• [EXERCISE INSTRUCTIONS]: Drop the pictures and extract exactly the lines from the one that contains "This camera protector" through the end of the material.

• [MATERIAL SHOWN]:
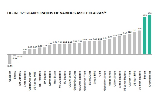 加密資產比其他資產類別產生了更高的絕對回報,但具有更高的絕對波動性,這已不是秘密。雖然有些人認為這是一個問題,但鮮為人知的是,加密資產也能夠提供比其他資產類別更高的風險調整后回報。在過去三年中,與所有主要資產類別相比,加密資產的夏普比率最高。換句話說,加密資產具有更高的絕對波動性,但與其他資產類別相比,它們為承擔該風險的投資者提供了更豐厚的回報。
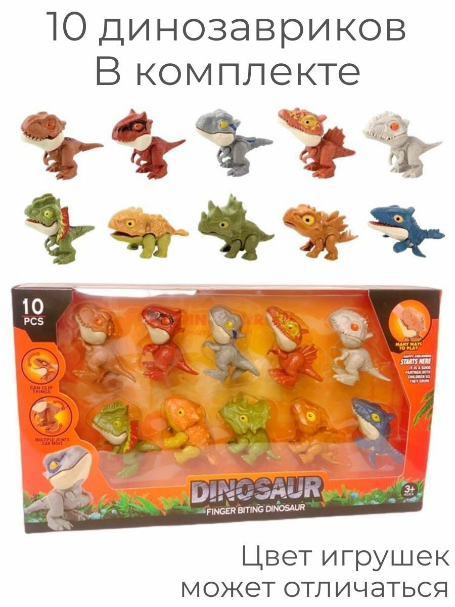 Игрушка фигурка динозавр Зубастик кусающий палец, 10 шт, вся коллекция / Пальчиковый динозавр / Антистресс игрушка
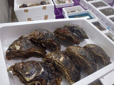 貝類を扱う売場でした。9月に入ったこともあり、夏が旬の岩牡蠣の入荷も少なくなっていましたが、
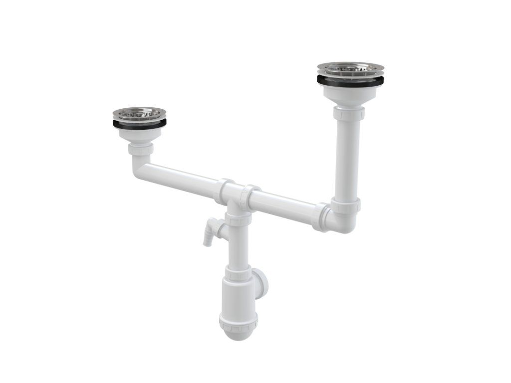 Sifon pro dvoudřez DN 40/50 dvouúrovňový s přípojkou Ø 17–23 mm a nerezovými mřížkami Ø 115 mm A454P
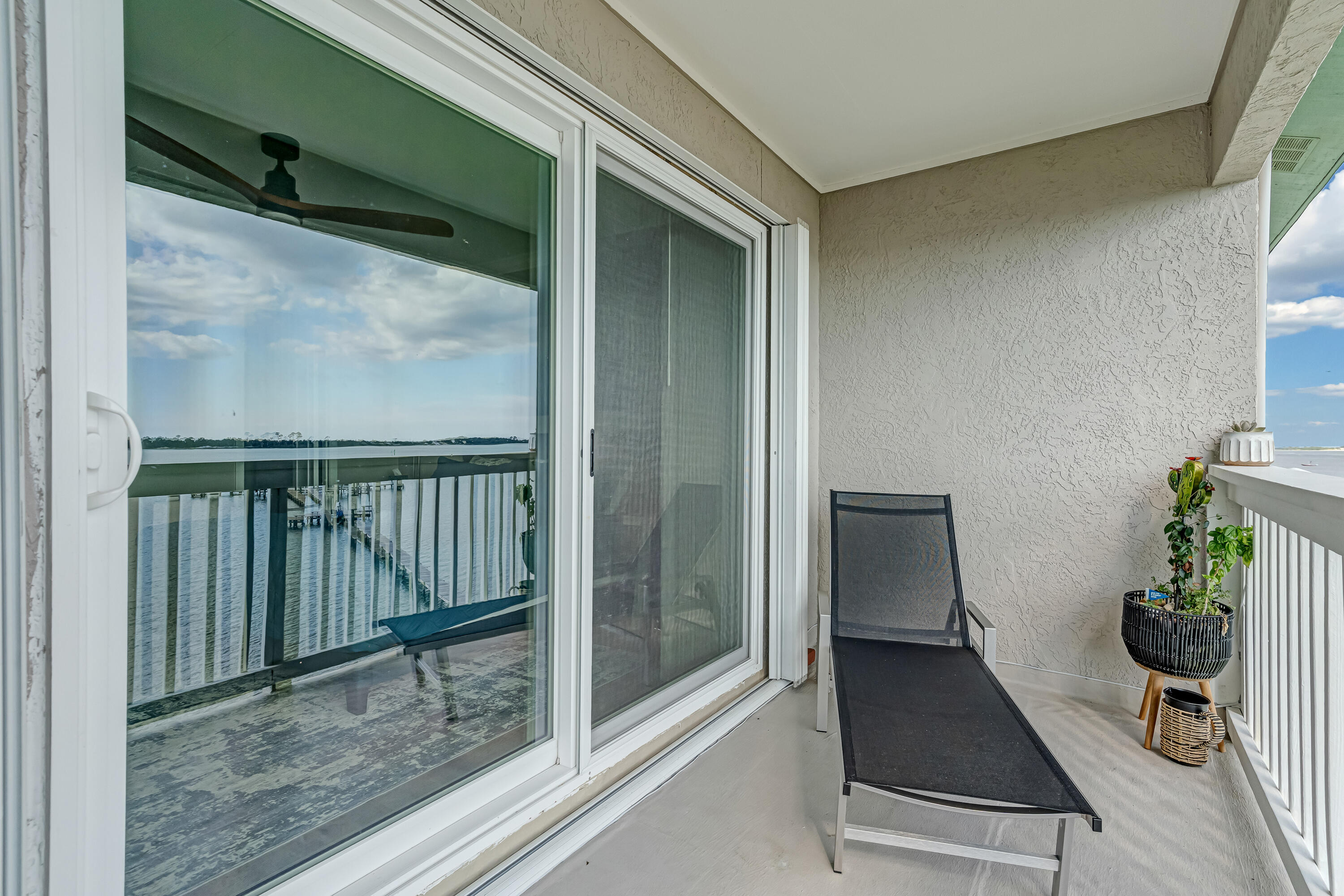 Traveling west on Hwy 98 past Hurlburt Air Force Base, approximately 1 mile, make U-turn (FWB Auto Brokers) on south side of hwy, make the first right onto Channel Marker and follow road all the way to the end. Unit is in middle of building on the top floor.
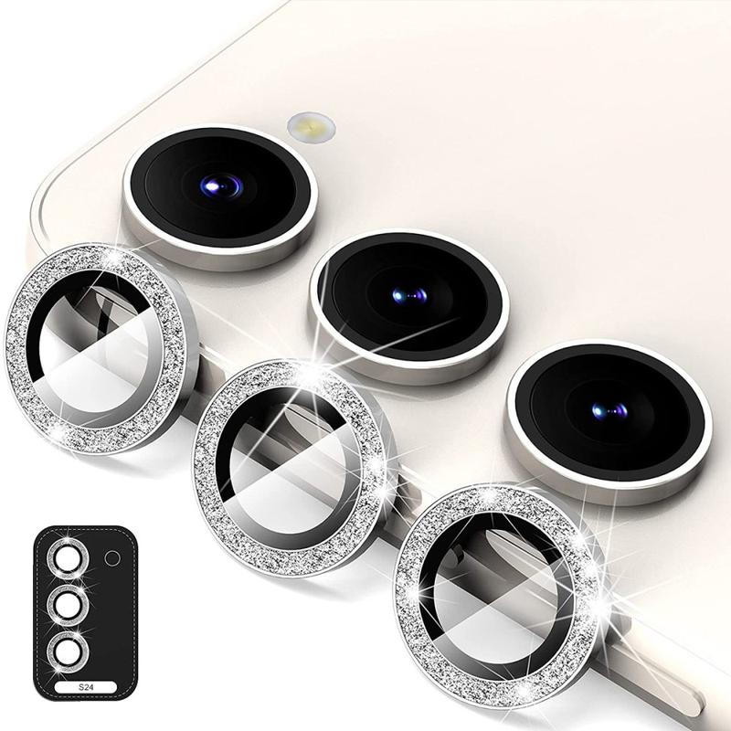 This camera protector is made of premium tempered glass with 9H hardness, placed under the durable aluminum alloy ring decorated with shiny rhinestones. It is precisely crafted to perfectly fit the camera lenses on your Samsung Galaxy S24+, with high transparency so that it won't affect the quality of captured images and videos.
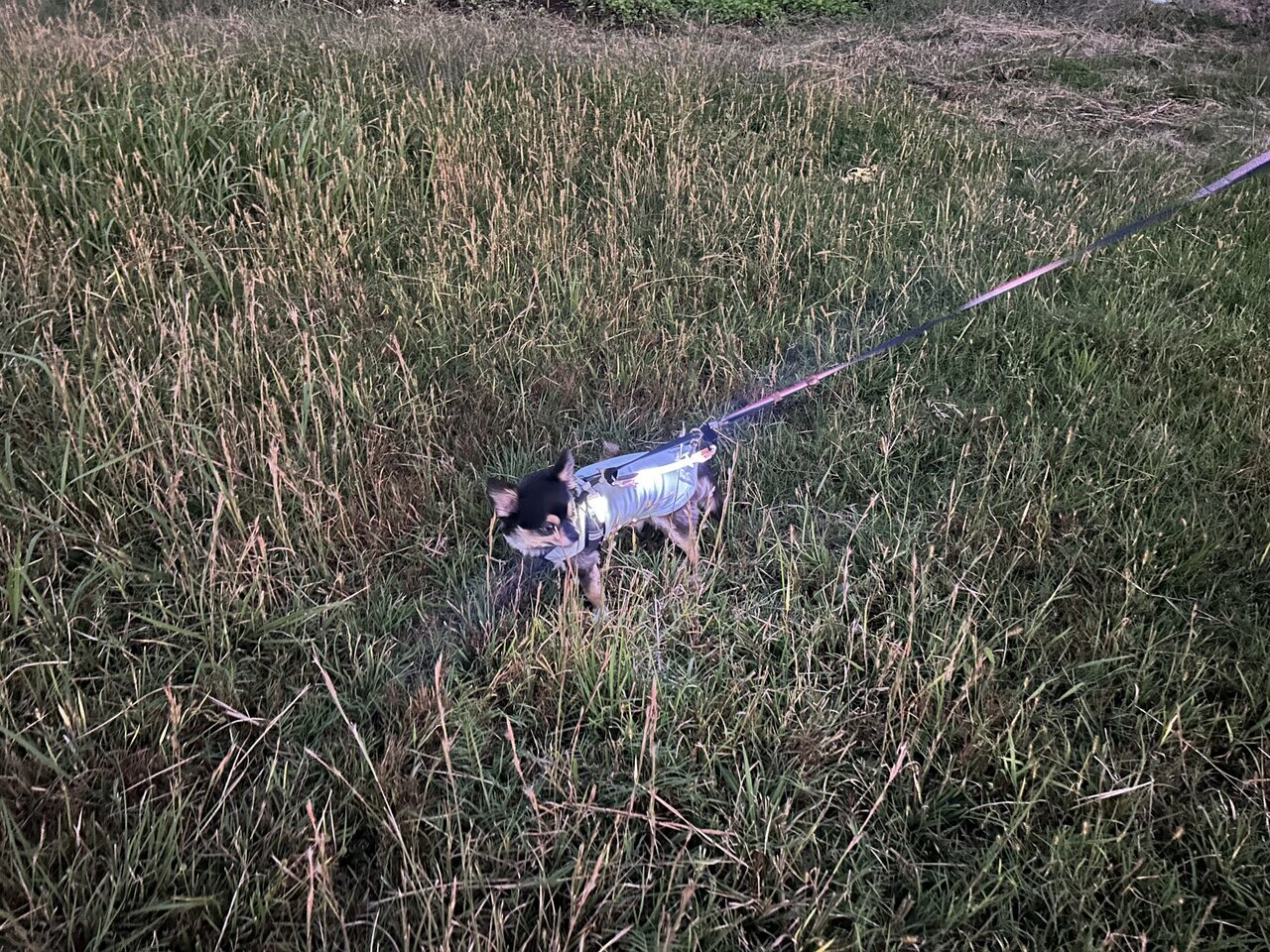The weight of the "Walking Light" is 41g. On the official 3COINS website, there were reviews stating it is "a bit heavy," but perhaps because it was worn on the leash, my dog (Chihuahua) didn't seem to mind it at all. Later, when I attached it directly to the harness, it seemed to feel uncomfortable and stopped several times. As expected, it seems better to attach it to the leash for small dogs.

• [RESULT]:
 This camera protector is made of premium tempered glass with 9H hardness, placed under the durable aluminum alloy ring decorated with shiny rhinestones. It is precisely crafted to perfectly fit the camera lenses on your Samsung Galaxy S24+, with high transparency so that it won't affect the quality of captured images and videos.
The weight of the "Walking Light" is 41g. On the official 3COINS website, there were reviews stating it is "a bit heavy," but perhaps because it was worn on the leash, my dog (Chihuahua) didn't seem to mind it at all. Later, when I attached it directly to the harness, it seemed to feel uncomfortable and stopped several times. As expected, it seems better to attach it to the leash for small dogs.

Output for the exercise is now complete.